As I write this column, it is early December, and I am eagerly awaiting Christmas. I think of a Christmas Eve at least 20 years ago when my husband Paul and I sat in the cozy family room of his parents, then in their eighties and enjoying good health. The four of us got along well, and this night we were anticipating a late church service on television, featuring a minister I had known in college.
The evening wore on. We enjoyed the Christmas tree, so pretty, lighted, and decorated with ornaments handmade by my mother-in-law years earlier. We talked in peace, telling family stories, glad to be together. Paul’s parents had 10 years earlier welcomed me like another daughter into their family. I felt happy and filled with the peace that can only come when love abounds. My mood was upbeat, I think, because I was following a path with a heart.

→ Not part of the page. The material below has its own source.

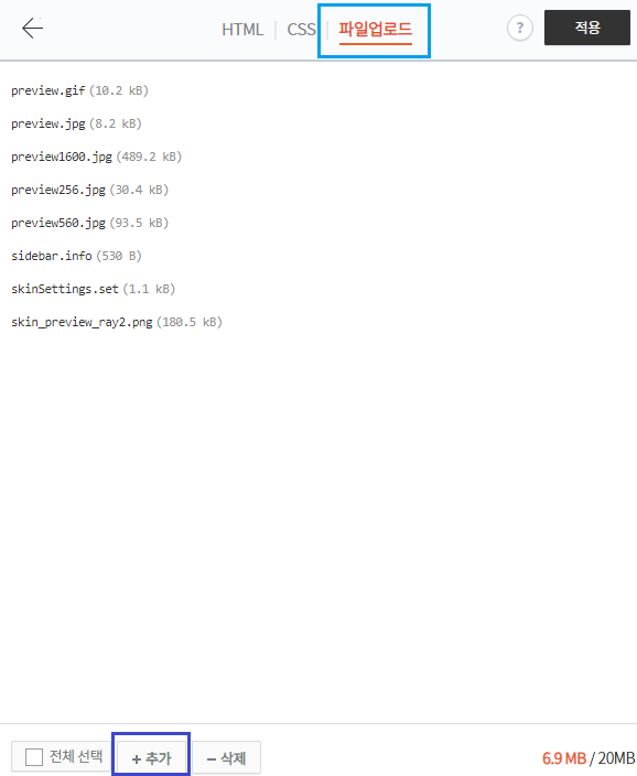 상단 버튼 중에 파일 업로드를 누르고, 하단의 추가 버튼을 누릅니다.

I felt love given and received; I also felt protected and safe. The evening concluded with a moving church service, spectacular music and truly inspiring sermon. This was a Christmas Eve to remember.
Fast forward to Christmas morning, the next morning after such a wonderful evening. I was lying in bed while Paul took a shower. My quiet of the night before began to vanish, for I started thinking of my work. My stomach tied up in knots, for I had started worrying about my job.

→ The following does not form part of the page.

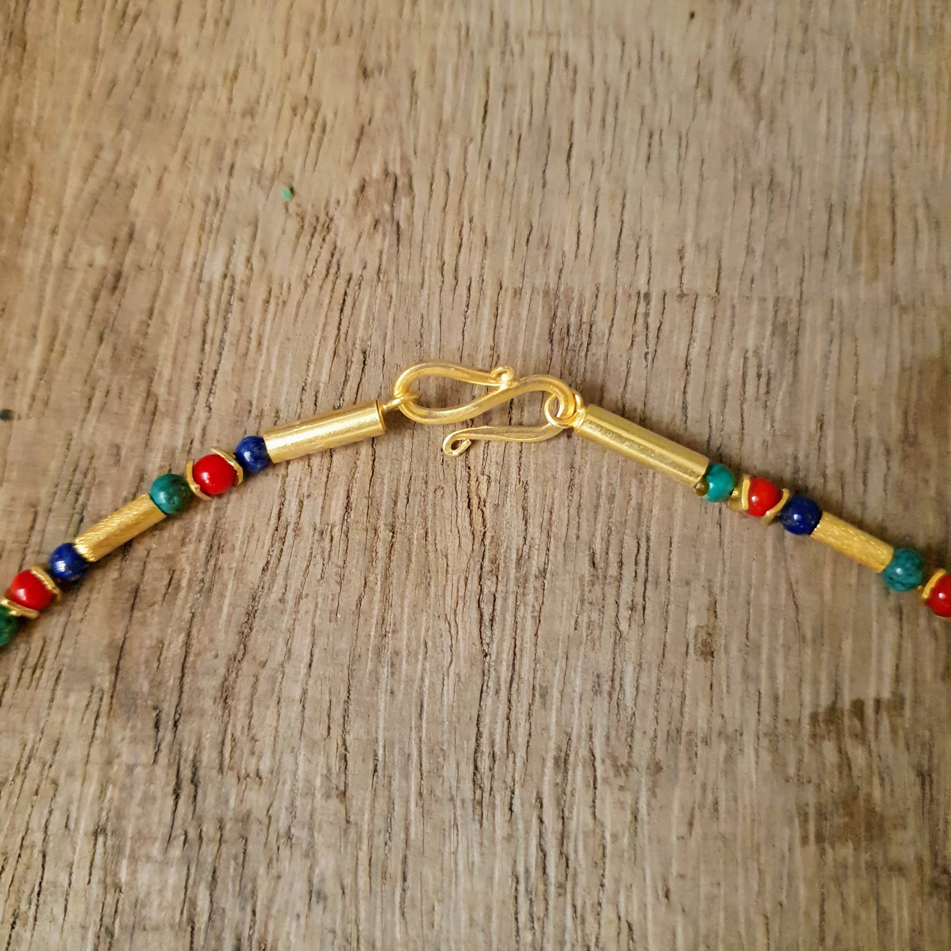 Halskette│Lapis│Türkis│Koralle│Vergoldetes Silber

I was the project leader for a day-long workshop for graduate students coming up in mid-January. All plans were not yet in place. My mind went into full gear, obsessing over details of the workshop that had yet to be finalized. Soon I was tossing and turning, very uncomfortably dreading the return to a stressful environment and new work challenges. My ego got involved. What is I failed to coordinate this workshop in a good way? What if I just plain failed to do a good job? You see, I had left a path with a heart, the path that I was on, on the previous night, a Christmas Eve to remember. I had let my mind try to take over and run my life. My heart wasn’t much involved any longer.
What does this reminiscence say about the path of the heart vs. the path of the mind? I think we need the mind, but we need our mind to be in the service of the heart, the way of love. If we let the mind proceed on its own, the ego will raise its ugly head, and all peace will dissipate.

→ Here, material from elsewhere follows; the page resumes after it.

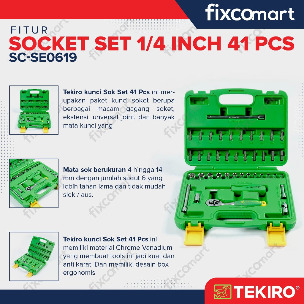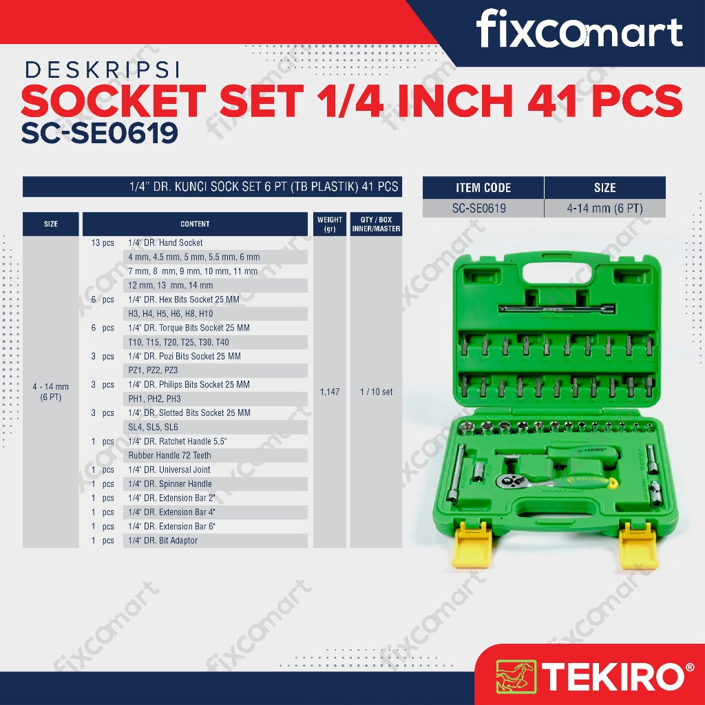 Tekiro Socket Set 1/4 Inch 41 Pcs (4-14 Mm) 6Pt / Tekiro Sock Set 41 Pcs

This is what I found that Christmas morning. Just being idle, waiting to get up, triggered my being threatened by work yet to be done, work for which I could do nothing while in Mississippi on holiday. I do remember that the anguish died down when I got up and began interacting with Paul and Paul’s family again. My heart came back in the picture, for I truly loved this new family of mine.
I remember one more thing about this strange juxtaposition of calm vs. anguish. I remember that the specific trigger of my discontent fell by the wayside when I got back on the job in January. I had obsessed about how many chairs I would need to provide in a particular room, for a particular class. This seems an overwhelming problem on holiday, when there was absolutely nothing that could be done about it. But when I got on the job, and there was actually something that could be done about it, the obsession had faded, and I actually didn’t approach this part of my work until it fell into place by its own course, as the planning process developed organically.
I think that my mind had decided that I had been too calm on Christmas Eve, that I had let my guard down, and my ego spoke up and decided that all of this was just “too much.” I was used to being keyed up to handle all phases of my work in a diligent way. I wasn’t used to relaxing.
Christmas Eve provided much needed relaxation that year. Now, years later, safely in retirement, I shake my head at all the stress that I put myself under throughout my work life. I realize that I am not alone. Many of us do this to ourselves when we let the mind rule the heart.
Try letting the heart take over your life today. Try letting God’s love, available in our hearts, motivate when and if to obsess about work issues. We don’t need to let the ego rule. We would be so much better if we allowed the heart to subdue the ego in the service of a full and complete, heartfelt, love for God, and the others with whom we come in contact. Our world, the world we inhabit, and the world we seek to change, will be ever so much the better for letting the heart rule. Drop the ego. It doesn’t have to be there to organize our personality.
If you have lost, now, the spirit of Christmas, know that it can be a 365-day thing for us. It isn’t usually, but let us see if we can make it that in 2015.